Is it possible to use the same prompt across different models?
Yes, it’s possible we can use the same prompts for different models. In this situation still we need to decide and check the model response to have confidence there is a proper solution. A few hints from Cursor documentation.
From my personal perspective, I admit that Claude copes the best with the code. Keep in mind, that for certain problems it’s useful to seek a dedicated model which contains necessary trained data.
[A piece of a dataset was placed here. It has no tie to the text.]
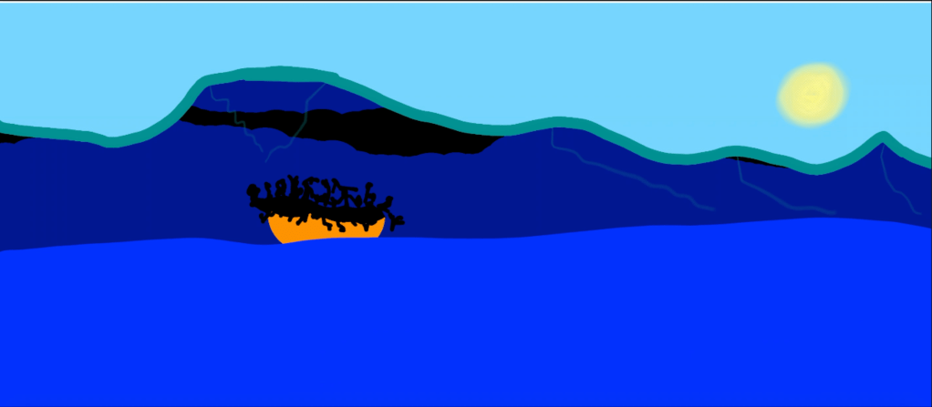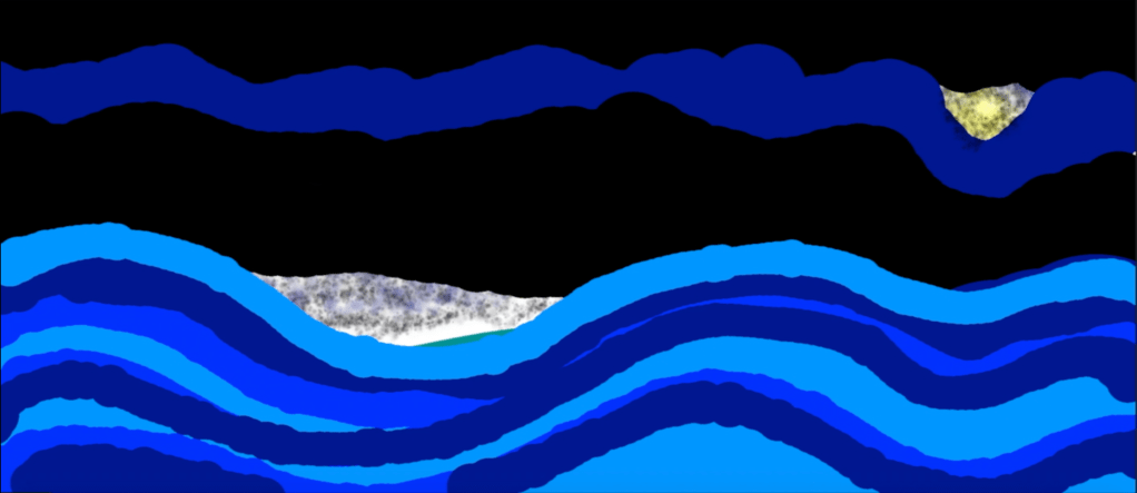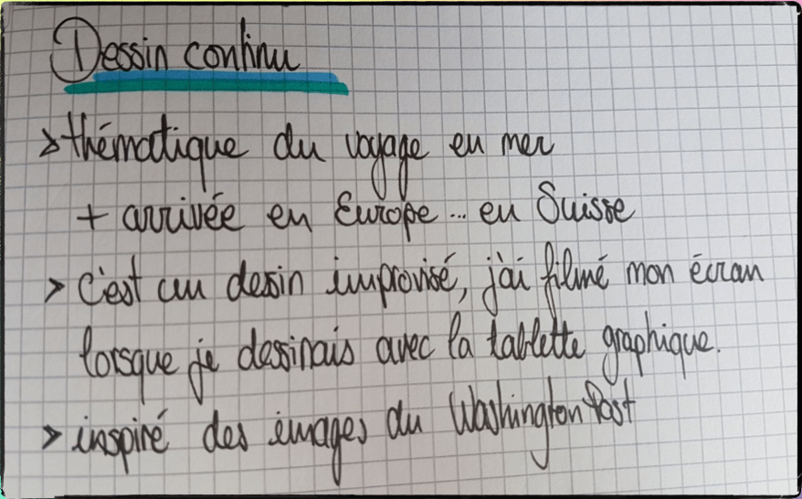 J’ai utilisé une tablette graphique avec le logiciel Paint X. J’ai mis ici deux captures d’écran, mais en réalité c’est un dessin continu, qui évolue au fur et à mesure. J’ai enregistré mon écran pendant que je dessinais.

https://docs.cursor.com/guides/selecting-models
Security Rules
It’s worth to remember that if we want to use Cursor in a real project, we must have the approval from the management that we can use that. We have some mechanism to exclude files from analyzing (even though it can help with correctness of the model).
Summary
Today, I showed you how the Cursor IDE can be leveraged with Playwright. It’s a useful IDE for people who create automated tests, but also for want to use LLMs in their solutions. Please note both LLMs and Cursor have their own limitations. They don’t always add value, so we still need to improve our test automation skills and programming skills.